Trying to use the watch these days is quite difficult. A CRT is hard to come by, and even if you had one, the software doesn't run on modern version of Windows (i.e. XP or later). The software does work in some versions of NT, but only with the notebook adapter, which appears to be quite expensive today. Finally, the closed source nature of the software isn't ideal either.
Between 1996 and 2002, Tommy Johnson, Karl R. Hakimian, David Fries, Frank Denis, Steaphan Greene, Harold Zatz (and possibly others) reverse engineered the watch transfer protocol and wrote an open source implementation of the data transferring software, called simply datalink. This work is the most important piece in using the watch with modern computers. This work is available on GitHub.
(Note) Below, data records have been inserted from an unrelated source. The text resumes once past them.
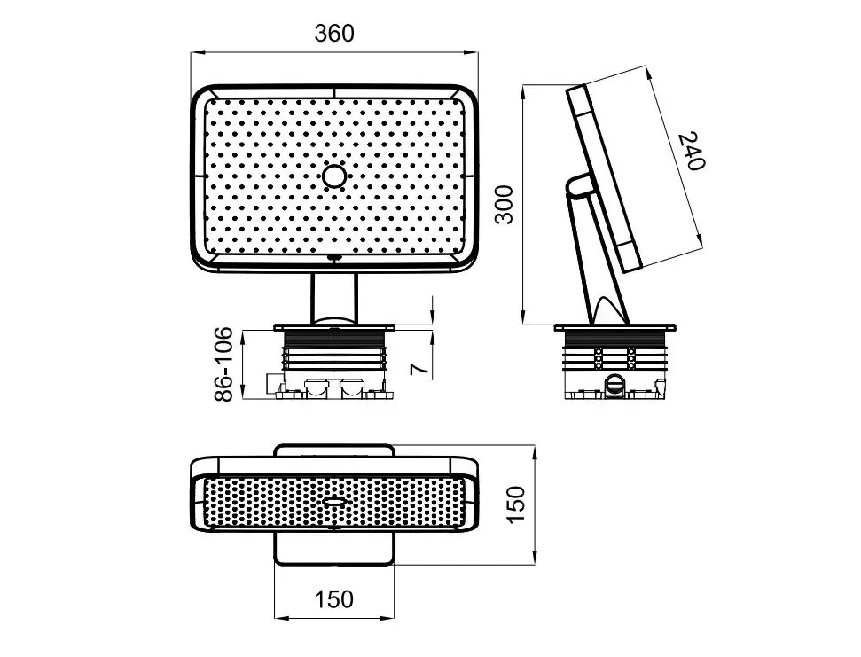 NOKEN PLUMP Верхний душ с держателем 360х240 мм, 19,08 л/мин., чёрный
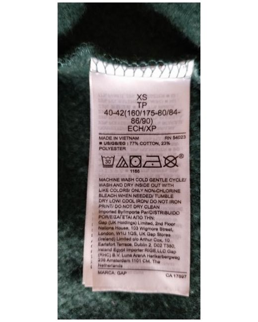 Sweatshirt GAP 1969 Athletic. Sleeve length PETITE: 74,5 - 75 cm. Chest circumference: 82 - 84,5 cm. Waist circumference: 82 - 84,5 cm. Hip circumference: 89,5 - 92 cm. Sleeve length TALL: 83,5 - 84 cm.
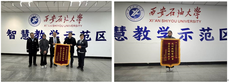 校园平安保障体系的顺畅运行,离不开快速有效的应急响应与妥善处置。近日,王同学在教学B楼207卫生间内突发不适晕倒,保洁员黄巧利第一时间发现,现场陪护并拨打120,为救治争取了宝贵时间;巡视员张养民接报后迅速赶到现场,协调师生、跟进就医流程,全程保障处置及时高效。在后勤团队协同配合下,该生得到有效救治。康复后,王同学送来锦旗,对我中心工作人员的专业与尽责表达诚挚谢意。
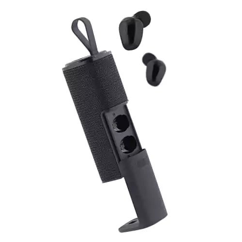 Seamlessly switch between speaker and earbuds—just take the earbuds out to listen privately, pop them back in to share the music.

The open source datalink software has three methods for getting the data to the watch. There is an SVGAlib based CRT flasher for Linux PCs, an OpenGL based CRT flasher for SGI machines and a RS232 UART based LED flasher for Unixlike OSs. None of these really work with modern machines, unfortunately. The first two fail due to the requirement of a CRT (not sure if svgalib still works either). The LED flasher requires an RS232 port, which is also quite rare. Although it might still be possible to use that approach with a USB based RS232 adapter.
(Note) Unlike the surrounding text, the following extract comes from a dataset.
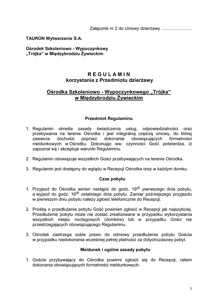 Załącznik nr 2 do Umowy dzierżawy ………………… TAURON Wytwarzanie S.A. Ośrodek Szkoleniowo - Wypoczynkowy „Trójka” w Międzybrodziu Żywieckim REGULAMIN korzystania z Przedmiotu dzierżawy Ośrodka Szkoleniowo - Wypoczynkowego „Trójka” w Międzybrodziu Żywieckim Przedmiot Regulaminu 1. Regulamin określa zasady świadczenia usług, odpowiedzialności oraz przebywania na terenie Ośrodka i jest integralną częścią umowy, do której zawarcia dochodzi poprzez dokonanie obowiązujących formalności meldunkowych w Ośrodku. Dokonując ww. czynności Gość potwierdza, iż zapoznał się i akceptuje warunki Regulaminu. 2. Regulamin obowiązuje wszystkich Gości przebywających na terenie Ośrodka. 3. Regulamin jest dostępny do wglądu w Recepcji Ośrodka oraz w każdym domku. Czas pobytu 1. Przyjazd do Ośrodka winien nastąpić do godz. 19 00 pierwszego dnia pobytu, a wyjazd do godz. 1600 ostatniego dnia pobytu. Zamiar późniejszego przyjazdu w pierwszym dniu pobytu należy zgłosić telefonicznie do Recepcji. 2. Prośbę o przedłużenie pobytu Gość powinien zgłosić w Recepcji jak najszybciej. Przedłużenie pobytu może nie zostać zrealizowane w przypadku wykorzystania wszystkich miejsc noclegowych (domków) lub w przypadku Gości nie przestrzegających obowiązującego Regulaminu. 3. Ośrodek zastrzega sobie prawo do odmowy przedłużenia pobytu Gościa w przypadku niedokonania wcześniej pełnej płatności za dotychczasowy pobyt. Meldunek i ogólne zasady pobytu 1. Goście przybywający do Ośrodka powinni zgłosić się do Recepcji, celem dokonania obowiązujących formalności meldunkowych. 1 2. Ośrodek może odmówić przyjęcia Gościa, który podczas poprzedniego pobytu rażąco naruszył Regulamin, w szczególności poprzez wyrządzenie szkody na mieniu Ośrodka lub mieniu Gości, szkody na osobie Gościa, pracowników Ośrodka lub innych osobach przebywających w Ośrodku. 3. Gość nie może przekazywać domku osobom trzecim, nawet jeśli nie upłynął okres, za który uiścił należną opłatę za pobyt. 4. Osoby niezameldowane w Ośrodku mogą gościnnie przebywać w domku od godziny 800 do godziny 2200. 5. Przyjmowanie i zdawanie domku przez Gości odbywa się przy udziale personelu Ośrodka. 6. Z chwilą otrzymania klucza do domku, Gość jest zobowiązany do sprawdzenia zgodności wyposażenia ze spisem inwentarzowym w celu uniknięcia nieporozumień przy wyjeździe. Usługi 1. Ośrodek zapewnia Gościom: 1) warunki do pełnego i nieskrępowanego wypoczynku, 2) bezpieczeństwo pobytu, w tym bezpieczeństwo zachowania w tajemnicy informacji o Gościach, 3) profesjonalną i uprzejmą obsługę w zakresie wszystkich usług świadczonych w Ośrodku, 4) sprzątanie domku w godzinach 900 - 1500 oraz usuwanie ewentualnych usterek całodobowo. Czynności te wykonywane są co zasady podczas nieobecności Gościa, a w jego obecności tylko wówczas, gdy wyrazi takie życzenie. 2. Goście Ośrodka mogą nieodpłatnie korzystać z: 1) miejsc parkingowych niestrzeżonych znajdujących się na terenie Ośrodka, 2) basenu, 3) placu zabaw dla dzieci, 4) boisk do gry w piłkę nożną/siatkówkę/koszykówkę/badmintona, 5) ping-ponga, 6) „piłkarzyków”. 3. Goście Ośrodka mogą korzystać również z usług sportowo – rekreacyjnych oferowanych przez Ośrodek, zgodnie z cennikiem dostępnym w domkach oraz w Recepcji. 4. Gość ma prawo korzystać z telefonu odpłatnie, a należność należy uregulować w Recepcji, po zakończeniu rozmowy lub w dniu zakończenia pobytu w Ośrodku. 2 5. W przypadku zastrzeżeń dotyczących jakości usług oraz reklamacji, Gość jest proszony o niezwłoczne ich zgłaszanie do Recepcji, co umożliwi pracownikom poprawę standardu świadczonych usług. Odpowiedzialność Gości 1. Dzieci poniżej 12. roku życia powinny znajdować się na terenie Ośrodka pod stałym nadzorem opiekunów prawnych. Opiekunowie prawni ponoszą odpowiedzialność materialną za wszelkie szkody powstałe w wyniku działania dzieci. 2. Gość ponosi pełną odpowiedzialność materialną za wszelkiego rodzaju uszkodzenia lub zniszczenia wyposażenia i urządzeń technicznych Ośrodka, powstałe z jego winy lub z winy odwiedzających go osób. 3. W przypadku naruszenia postanowień Regulaminu, Ośrodek może odmówić świadczenia usług osobie, która je narusza. Osoba taka jest zobowiązana do niezwłocznego zastosowania się do żądań Ośrodka, uregulowania należności za dotychczasowe świadczenia, do zapłaty za ewentualne zniszczenia oraz do opuszczenia Ośrodka. 4. Gość powinien przestrzegać obowiązujących przepisów ppoż., a także zasad bezpieczeństwa, w szczególności: 1) zabrania się korzystania w domkach z dodatkowych urządzeń elektrycznych (tzn. grzałek, kuchenek, grzejników) nie stanowiących wyposażenia domku, 2) gotowanie i przyrządzanie potraw odbywać się może tylko w miejscach do tego przystosowanych, 3) każdorazowo Gość opuszczający domek powinien wyłączyć sprzęt RTV i kuchenkę elektryczną, zamknąć okna, zgasić światło, zakręcić krany oraz zamknąć drzwi na klucz. Odpowiedzialność Ośrodka 1. Ośrodek ponosi odpowiedzialność za utratę lub uszkodzenie rzeczy wniesionych przez osoby korzystające z jego usług w zakresie określonym przepisami kodeksu cywilnego. 2. Gość powinien zawiadomić Recepcję o wystąpieniu szkody niezwłocznie po jej stwierdzeniu. 3. Ośrodek ponosi odpowiedzialność z tytułu utraty lub uszkodzenia pieniędzy, papierów wartościowych i cennych przedmiotów, a także przedmiotów mających wartość naukową lub artystyczną, jeżeli przedmioty te zostały oddane na przechowanie do depozytu Recepcji. 4. Ośrodek zastrzega sobie prawo do odmowy przyjęcia do depozytu przedmiotów o dużej wartości, znacznych kwot pieniężnych, przedmiotów zagrażających 3 bezpieczeństwu oraz przedmiotów wielkogabarytowych, których nie można umieścić w depoz

Clearly flashing an LED was the way to go. However, I wanted to offload the timing generation to external hardware instead of essentially bit-banging it as the datalink software LED flasher does. This called for a microcontroller, which would at least partially understand the transfer protocol.
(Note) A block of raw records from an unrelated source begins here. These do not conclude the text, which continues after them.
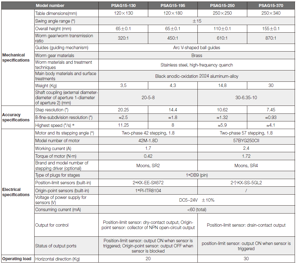 PSAG series motorized goniometers are made of hard black anodic-oxidation aluminum alloy which presents excellent appearance. Fine precise worm gear/worm and arc V-shaped guides are key parts of guiding mechanism. This combination guarantees higher strength, higher load capability and better durability.
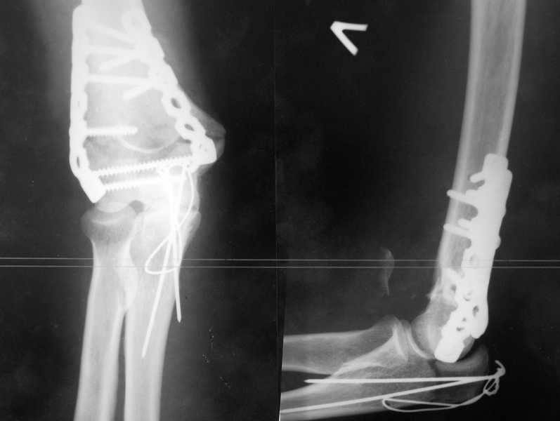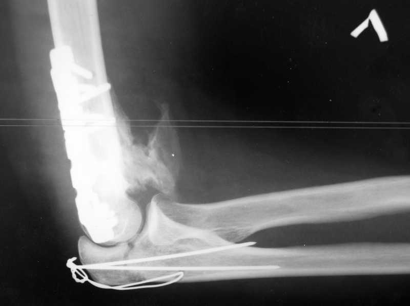 У пациентки 42 лет после операции остеосинтеза чрезмыщелкового перелома плеча, выполненной в нашей клинике 2 месяца назад, на контрольных R-граммах имеется гетеротопический оссификат по передней поверхности плеча. Оперирована по методике АО, после операции максимально рано начала заниматся ЛФК. В настоящее время основная жалоба пациентки на ограничение сгибания в локтевом суставе. Клинически объем движений: сгибание 90 градусов, разгибание 170 градусов, ротационные движения в полном объеме. Привожу снимки сразу после операции и через 2 месяца. (На рентгенограммах после операции в мягких тканях по передней поверхности плеча имеется небольшой костный фрагмент, но его ширина во фронтальной плоскости не более 1 мм., обнаружен был по снимкам после операции. Интраоперационно основные крупные фрагменты отрепонировались хорошо, объем движений был сгибание до 75 градусов, разгибание 175 град.) Пациентка неудовлетворена объемом сгибания, хотя была предупреждена о высокой вероятности ограничения движений. Профилактика гетеротопической оссификации (прием индометацина) не проводилась, т.к. имелась язвенная болезнь, да и эффект от его приема считаю сомнительным. Вопросы: 1.Стоит ли вмешиваться и пытаться удалить экзостоз? Если да,то в какие сроки и каким доступом лучше идти? 2. Оставить все как есть? 3. Не поможет ли ударно-волновая терапия либо какая-то другая методика? Буду благодарен за все ответы и оценки своей работы. С таким осложнением столкнулся впервые.
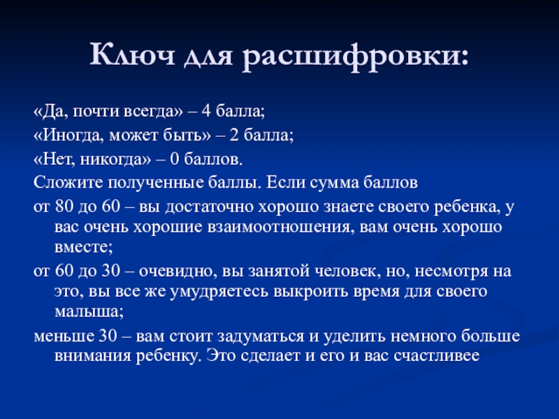 от 80 до 60 – вы достаточно хорошо знаете своего ребенка, у вас очень хорошие взаимоотношения, вам очень хорошо вместе;
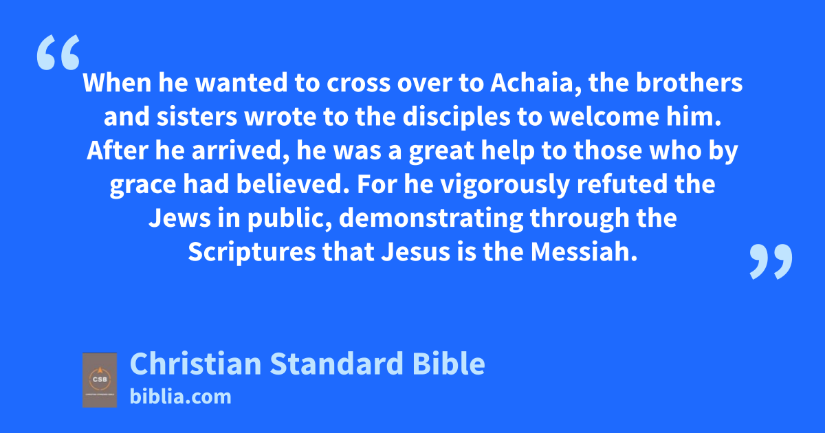 24 Now a Jew named Apollos,i a native Alexandrian, an eloquent man who was competent in the use of the Scriptures, arrived in Ephesus. 25 He had been instructed in the way of the Lord; and being fervent in spirit,A he was speaking and teaching accurately about Jesus, although he knew only John’s baptism.j 26 He began to speak boldly in the synagogue. After Priscilla and Aquila heard him, they took him asideB and explained the way of God to him more accurately.k 27 When he wanted to cross over to Achaia, the brothers and sisters wrote to the disciples to welcome him. After he arrived, he was a great help to those who by grace had believed.l 28 For he vigorously refuted the Jews in public, demonstrating through the Scriptures that Jesus is the Messiah.m
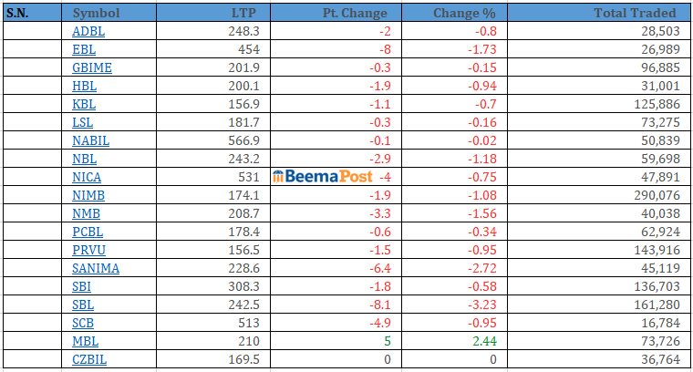 बैंकहरुमध्ये प्रभु बैंक, कुमारी बैंक, एनआइएमबि बैंक लगायतका वाणिज्य बैंकहरुको शेयरमूल्य सवैभन्दा कम रहेको छ ।
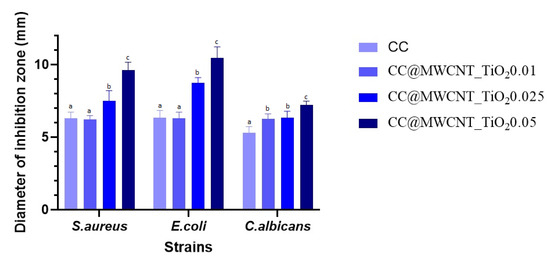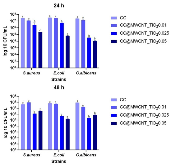 The obtained results sustain that the biofilm expansion was significantly reduced at 24 h in all the cases of tested strains, when the films with the highest concentrations of nanocomposites were used (CC@MWCNTs_TiO2 0.025 and CC@MWCNTs_TiO2 0.05), so we can suggest that biofilm inhibition is dependent on the nanocomposites concentration (Figure 10). This tendency is maintained after 48 h, which suggests that the films are capable to offer protection over time. These results demonstrate that the presence of the hybrid nanomaterials is an important point. Many studies demonstrated the antimicrobial character of TiO2 NPs [41,42] and MWCNTs [18,43]. These data suggest that the films can combat specific pathogens, especially in wound-healing application, due to their higher effectiveness against Gram-positive and Gram-negative bacteria and yeast.

I wanted to be sure of the correct timing in the data framing. For this purpose, I installed the original Timex Datalink software on a Windows 95 virtual machine, and took screenshots of the output it was producing. Since the software used the standard 640x480 VGA modeline, I could determine the row numbers on which the output was produced to determine the proper timing to use with the LED.
Sync frame containing bytes 0x55 0x55 as sent by the Datalink software on Windows 95 |
The way the transmission works is the following:
- A frame may contain zero, one or two bytes.
- Bits are transmitted least significant bit first (the order in the raster scan: top to bottom)
- A bit value 0 is transmitted as a white line, a bit value 1 is transmitted as a black line.
- Transmission of the first byte is started by a white line on row 79 (1-indexed)
- The bits of the first byte follow on lines 94, 109, 124, 140, 155, 171, 186, 202 (1-indexed)
- Transmission of the second byte is started by a white line on row 264 (1-indexed)
- The bits of the second byte follow on lines 279, 295, 310, 326, 341, 357, 372, 388 (1-indexed)
- If only one byte is transferred in the frame, it is in the place of the first byte.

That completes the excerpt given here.